Ask Dr. Don By

Don Taylor, Ph.D., CFA,    

Dear Dr. Don,

Is there a form of bankruptcy that allows me to select which debts are claimed? For example, I have a loan with a co-signer that is in good status and another membership that is not behind and I do not wish to place these accounts in bankruptcy. Is there a way to claim only certain things?


Dear Ralph,

You’re required to list all your debts in a bankruptcy petition. The bankruptcy court needs to see your complete financial picture and then it’s up to the court to allocate the proceeds of the bankruptcy estate (in a Chapter 7 bankruptcy) among your creditors.

That said, you can reaffirm a debt. By doing so, that debt will continue to exist after the bankruptcy discharge eliminates your obligation to repay debts eligible for discharge. The debt reaffirmation has to be filed with the bankruptcy court. Often, a debt affirmation is not in the debtor’s best interest since the debtor is re-obligating himself to pay a debt that would otherwise have been discharged.

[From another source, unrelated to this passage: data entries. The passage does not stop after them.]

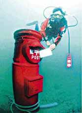 Fotoğraftaki balıkadam, suya dayanıklı bir kartpostalı, deniz dibine yerleştirilmiş 'antika' posta kutusuna atıyor. Yörede yaşayan dalgıçlar, bu gerçek mektup ve kartpostallarını festival süresince bu denizaltı posta kutusuna atacaklar. Posta idaresi de, balıkadam postacılar aracılığıyla, posta kutusunu her gün düzenli olarak boşaltıp, mektupları adreslerine ulaştıracak.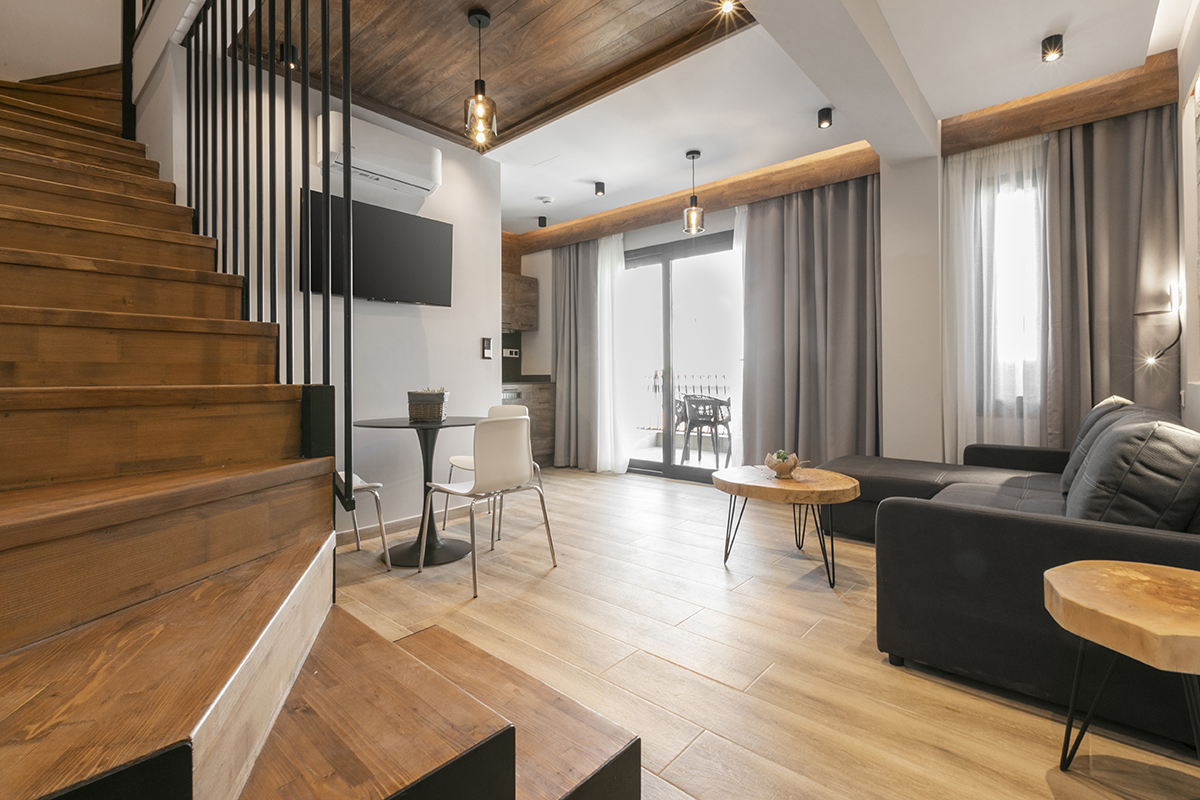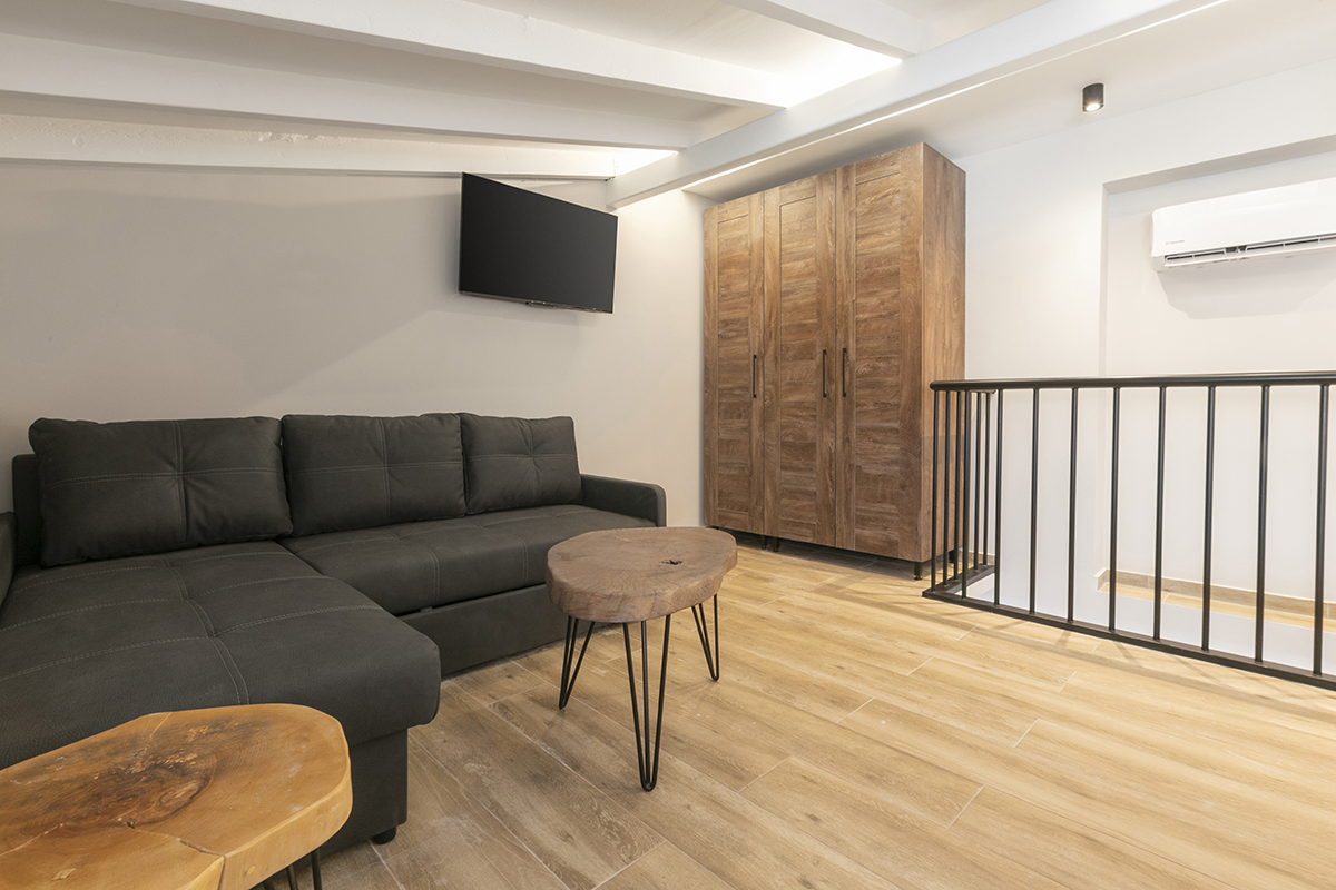 Mezoneta 1/4+1: Mezonete se prostiru na dva nivoa. U donjem nivou se nalazi ležaj na razvlačenje, a na gornjem nivou je francuski ležaj i jedan singl ležaj. Poseduju TV/KAT, klima uređaj (korišćenje je besplatno), noćni stočić, orman, kao i kuhinjski deo koji je u potpunosti opremljen sa posuđem, rešo sa dve ringle, frižider, aspirator. Kupatila imaju tuš/wc. Mezonete se nalaze na drugom spratu.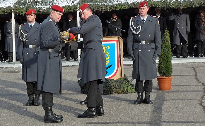 Mit der Übergabe der Wappen der Batterien 2, 3 und 4 an die zukünftigen Kommandeure in den neuen Standorten Weiden, Munster und Idar-Oberstein wurde der Weggang der Soldaten bildlich demonstriert.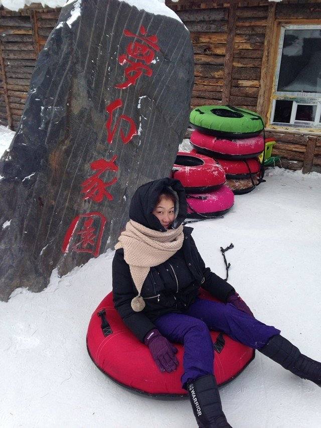 这里玩还不够,又去租了个雪圈,溜雪圈去了,做在雪圈上,找个小抖的山坡溜下来,哈哈,挺刺激的。
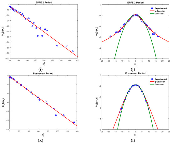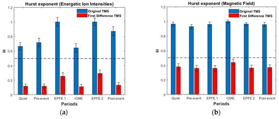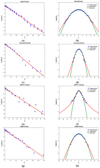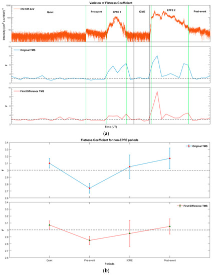In the following we present results concerning the magnetic field, as we have significant theoretical reasons to believe the existence of physical connection of the magnetic field and the energetic particle profiles (see Appendix A.1.1–Appendix A.1.3). In the magnetic field TMS (original and first difference), the non-Gaussian character is presented during all periods as the coefficient F takes values , much higher than the Gaussian value (F = 3). In particular, the enhancement of non-Gaussian character is observed for pre-event, EPFE 2, and post-event periods, as the Flatness coefficient during these periods increases to much higher values than the other periods (quiet, EPFE 1, ICME). It is noticeable that during the pre-event period there is a strong enhancement of the non-Gaussian character of the magnetic field. According to our theoretical framework (see Appendix A), the enhancement of magnetic field non-Gaussian character must be generally related someway to the energetic particles enhancement. However, this concept must be further testified by using rich statistics of SMIs events.
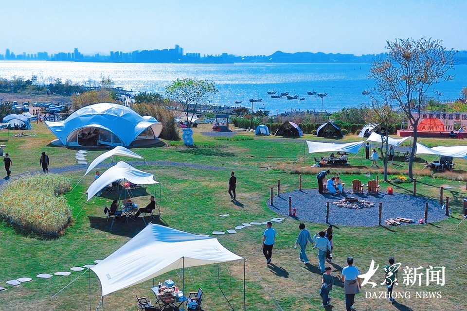 人们在青岛西海岸新区鱼鸣海角露营地游玩。
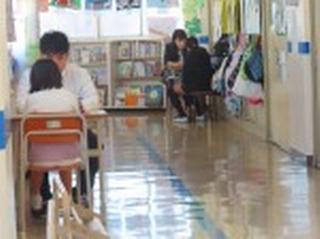 今日の3・4時間目の6年生たち。それぞれのグループが校内のあちこちの活動しやすい場所で、総合的な学習のまとめをしていました。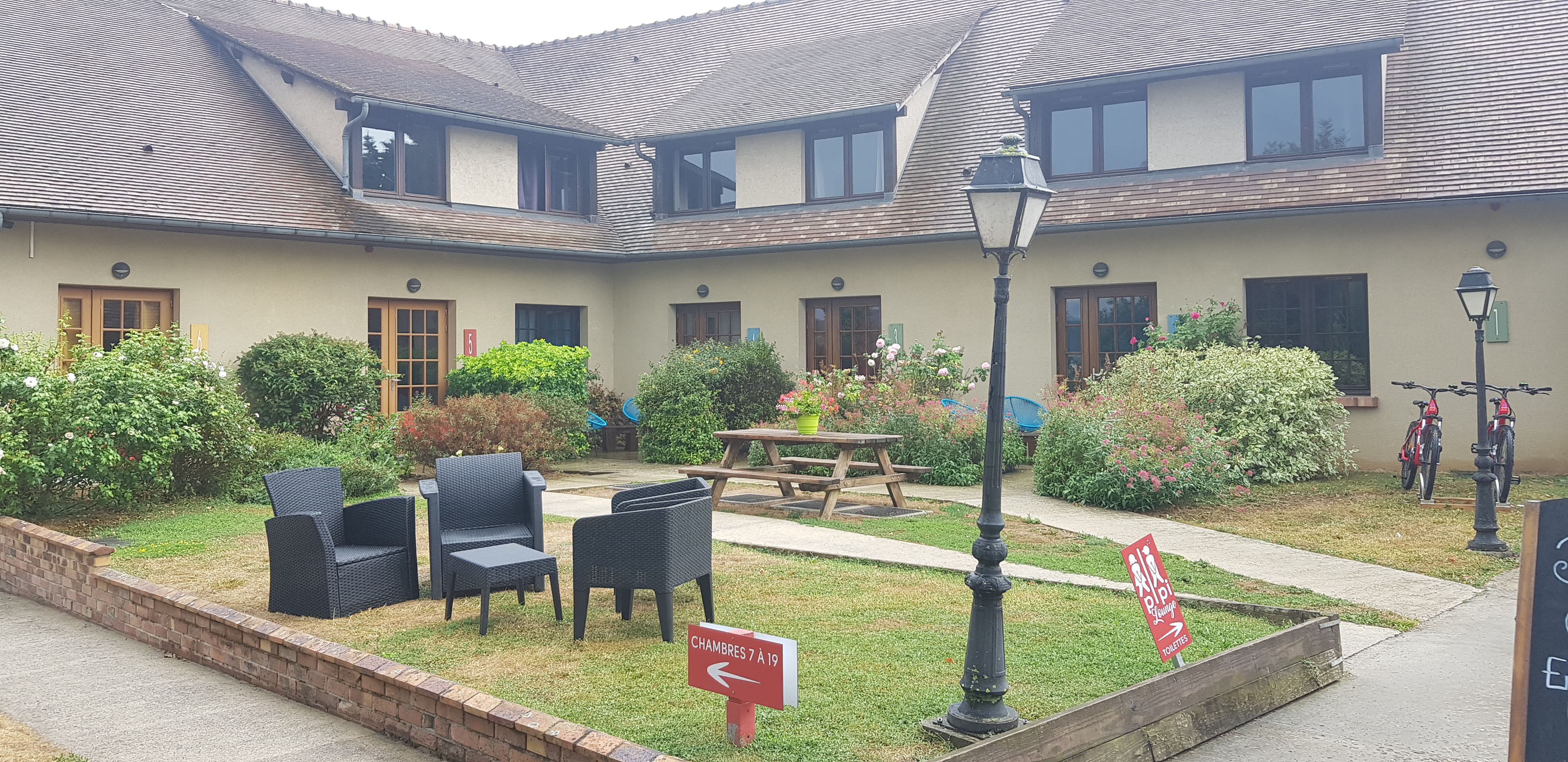 Nous y avons passé 3 nuits début aout. après une arrivée par le passage coudé sous la voie ferrée (argh), nous longeons la seine et découvrons l'hôtel. Une grande terrasse, 1 étage, des chambres de plein pied, d'autres avec terrasse. Nos chambres sont belle, rénovées récemment et la salle de bain parfaite ! les couleurs sont sympas. la literie est de qualité. nous avons une petite terrasse avec table et chaise et vue sur le bras mort de la Seine : magnifique ! surtout le matin avec la brume - des canards sont pas loin. comme il a fait chaud nous rentrions plus tôt et avons profités de la plage aménagée à coté de la terrasse- le chemin devant ne dessert que l'hôtel et qq maisons le calme est garanti. à noter que la voie ferrée est juste derrière et fonctionne la journée. passer les premières fois ensuite on ne fait plus attention et la nuit les trains ne circulent pas. le restaurant : le premier soir étant un peu frais nous décidons de diner dans la salle. Surprise ! la cheminée - grande - fonctionne... pourtant il ne fait si froid que ça!! en fait nous découvrons que les plats sont cuisinés au feu de bois. belle perspective. La carte est alléchante avec quelques spécialités de la région (camembert roti...) mais nous avons la formule menu.; et ne perdons pas au change - entrée plat et dessert nous nous régalons sans se sentir lourd. les légumes sont croquants, la viande cuite comme il faut (magret, veau...).. bref trois belles soirée. les 2 autre soirs nous mangeons sur la terrasse avec plaisir. et notons que la table est bien connue car le restaurant était pleins tous les soirs -de même les 18 chambres. l'apéritif cidre façon Kir est excellent. une mentions spéciale aux croissant du petit déjeuner : des vrais au beurre et d'une légèreté... adresse à retenir pour ceux qui veulent se faire une virée à Giverny et dans ses environs- l'hôtel est très bien situé et on y est bien !!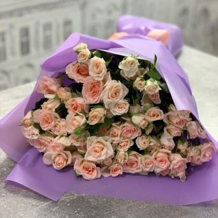 Корзина Прекрасная Иллюзия из роз сорта капучино, фридом, эустомы и кустовых роз
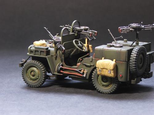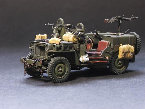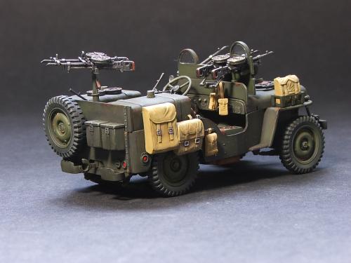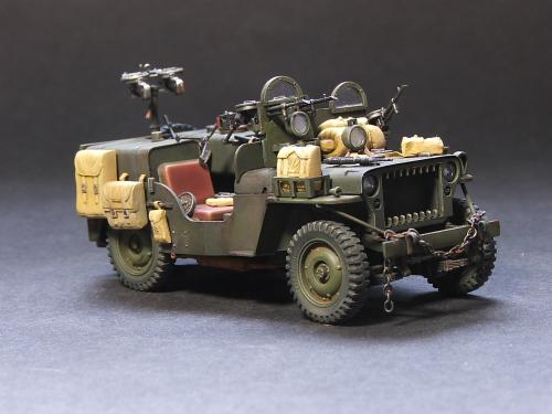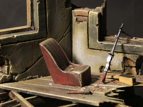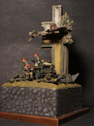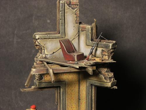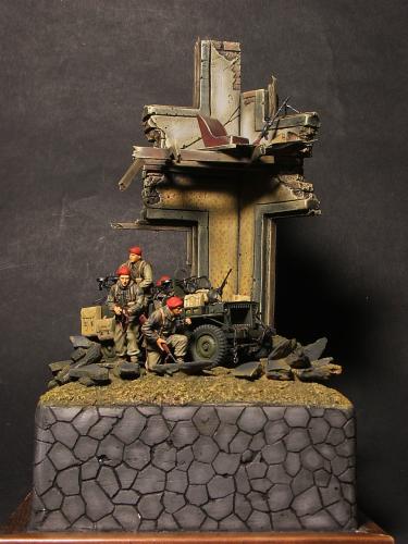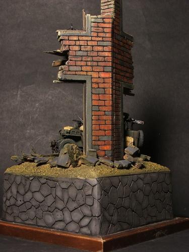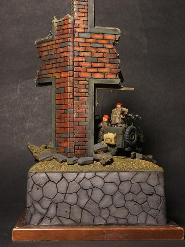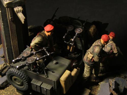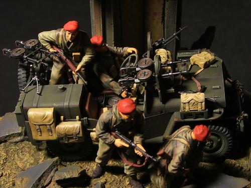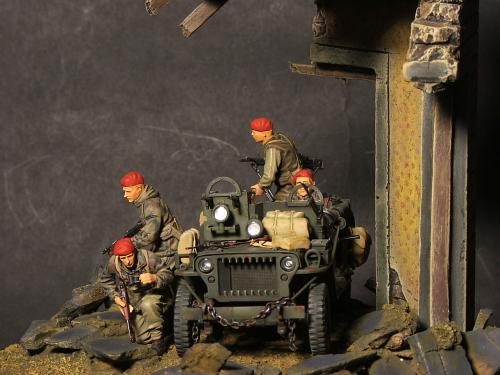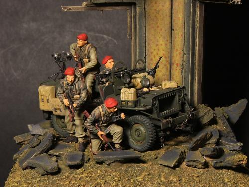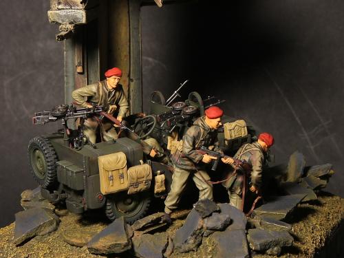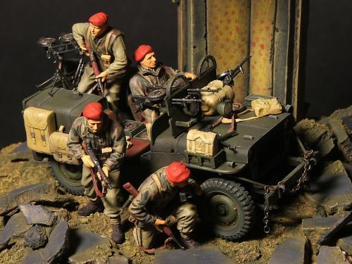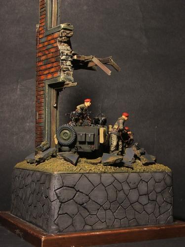 使用了意大利的SAS突击车,龙的SAS队员。稍微车辆的悬挂做了点修改以增加重量感。车上堆积了点杂物和枪支(大多是套材自带的)这个作品在构图上多借鉴了日本高手崛川哲生的作品。墙壁和地面都是小弟用石膏自制并无难度。2楼的楼板由木条自制。弹壳是铜丝剪的。SAS队员的红色蓓蕾帽是此情景的亮点。情景的内容是:1945年3月25日-5月3日 第1特别空勤团和第2特别空勤团在德国本土的莱茵河东部至基尔一线,开始使用重武器装备的吉普车作战。 一个SAS小队深入敌后进行侦察任务。谢谢观赏(请点开看大图)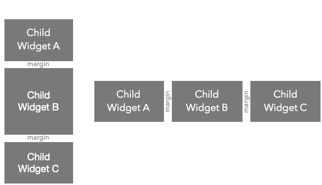 The row/column widget will calculate the size of the row or column based on the minimum, preferred and maximum size of each child widget contained in them. Margins are also taken into account in the spacing between the child-widgets.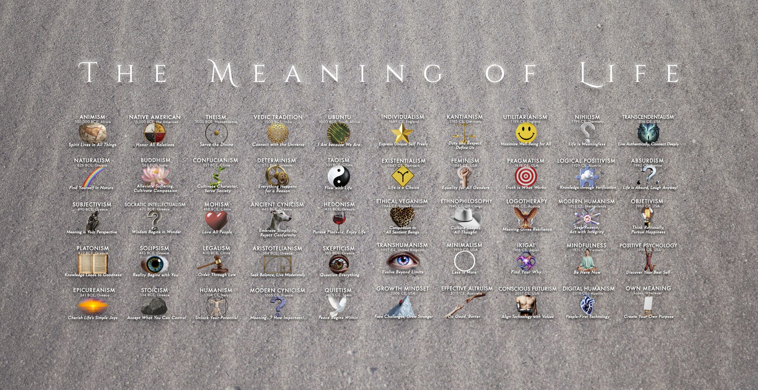 Ultimately, this timeline reveals that the “meaning of life” is not a single, static answer, but an evolving conversation that has spanned millennia. Whether you find resonance in the ancient connection of Animism, the disciplined resilience of Stoicism, or the forward-thinking ethics of Digital Humanism, each philosophy offers a unique tool for navigating existence. As the final entry suggests, the most powerful interpretation is the one you construct for yourself; the canvas is yours to define.

In a Chapter 7 bankruptcy proceeding, the lender will look to the co-signer to repay the debt. In a Chapter 13 bankruptcy filing, you establish a court-approved repayment plan and the co-signer, while still obligated to repay the debt, won’t be pursued because you are still making payments on the debt. From the U.S. Courts publication,

Bankruptcy Basics:

Specifically, after the commencement of a Chapter 13 case, unless the bankruptcy court authorizes otherwise, a creditor may not seek to collect a “consumer debt” from any individual who is liable with the debtor.

11 U.S.C. § 1301.

Secured debts, like a mortgage or a car loan, are treated differently than unsecured debts, such as credit card debt. With secured debts, the lender has a security interest in the asset and that security interest survives the bankruptcy process. Again, from

Bankruptcy Basics:

Although a debtor is relieved of personal liability for all debts that are discharged, a valid lien (i.e., a charge upon specific property to secure payment of a debt) that has not been avoided (i.e., made enforceable) in the bankruptcy case will remain after the bankruptcy case. Therefore, a secured creditor may enforce the lien to recover the property secured by the lien.

Trying to protect your co-signer is admirable and may be possible, but don’t attempt it by leaving the loan out of the bankruptcy filing. Talk to a bankruptcy attorney to find out if filing for bankruptcy is the best solution to your credit problems.